I know that by continuity transfer property we can show above very easily. But I wanted to it by definition.
My attempt:
Uniform convergence $f_n(x)\to f(x)$ on $E$ means$$\forall \epsilon>0 ,\exists N\in \mathbb N ,\forall x\in E |f_n(x)-f(x)|<\epsilon ,\forall n>N.$$
Negation of above statement is $\exists \epsilon>0 ,\forall N\in \mathbb N \exists x\in E \exists n>N |f_n(x)-f(x)|>\epsilon $ .
I wanted to use negation to show that $x^n $ is not uniform convergent .
What $\epsilon $ I have to choose so that I get answer?
Any help will be appreciated
You can take $\varepsilon=\frac12$, for instance.

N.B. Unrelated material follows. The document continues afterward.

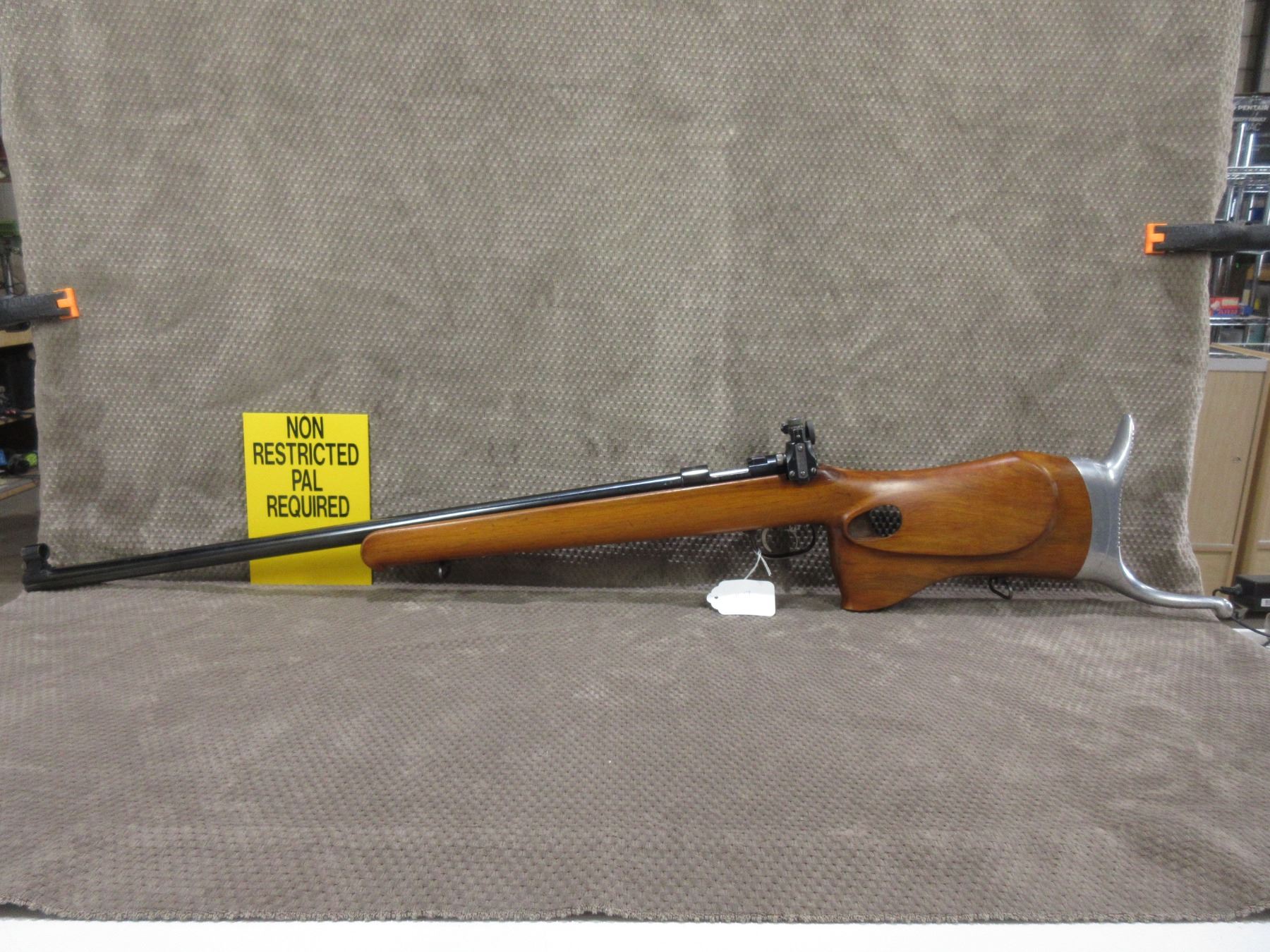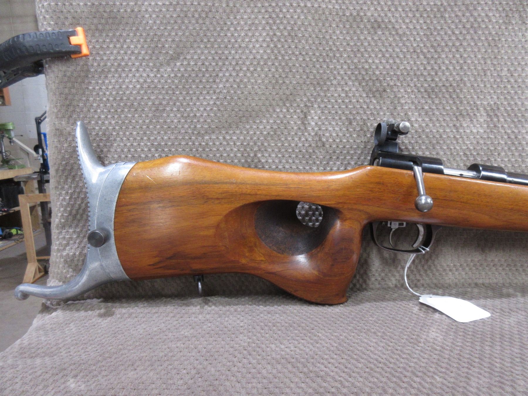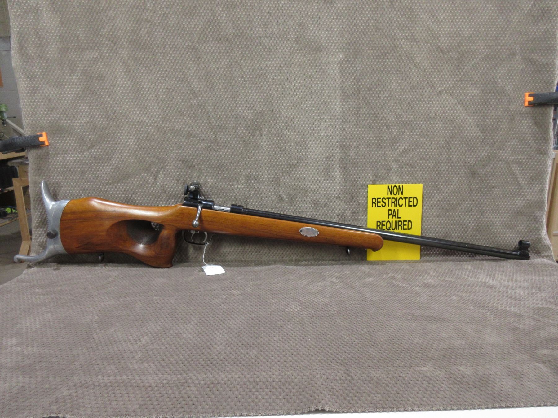 Non-Restricted - Schultz & Larsen Model M61 in 22 LR - This single shot target rifle appears to be in good to very good working order. Heavy barrel is 28", bluing is good to very good with some wear on muzzle, rifling is good to very good, has both peep sights, stock good with usual marks, adjustable butt plate good, Ser # 1647

If the sequence converged uniformly, then it would converge pointwise. But$$\lim_{n\to\infty}x^n=\begin{cases}0&\text{ if }x<0\\1&\text{ otherwise.}\end{cases}$$So, define$$\begin{array}{rccc}f\colon&[0,1]&\longrightarrow&\mathbb R\\&x&\mapsto&\begin{cases}0&\text{ if }x<0\\1&\text{ otherwise.}\end{cases}\end{array}$$
Now, take any $N\in\mathbb N$. If it was true that $(\forall x\in[0,1]):\bigl\lvert x^N-f(x)\bigr\rvert<\frac12$, that would imply that $x^N<\frac12$ if $x\in[0,1)$. But this cannot be true, since $x^N$ is continuous on $[0,1]$ and it maps $1$ into $1$. So, by the intermediate value theorem, it cannot jump from $1$ to a number smaller that $\frac12$.
In the previous paragraph, you can avoid any reference to continuity by noting that $\frac1{\sqrt[N]2}\in[0,1]$ and that $\left(\frac1{\sqrt[N]2}\right)^N=\frac12$.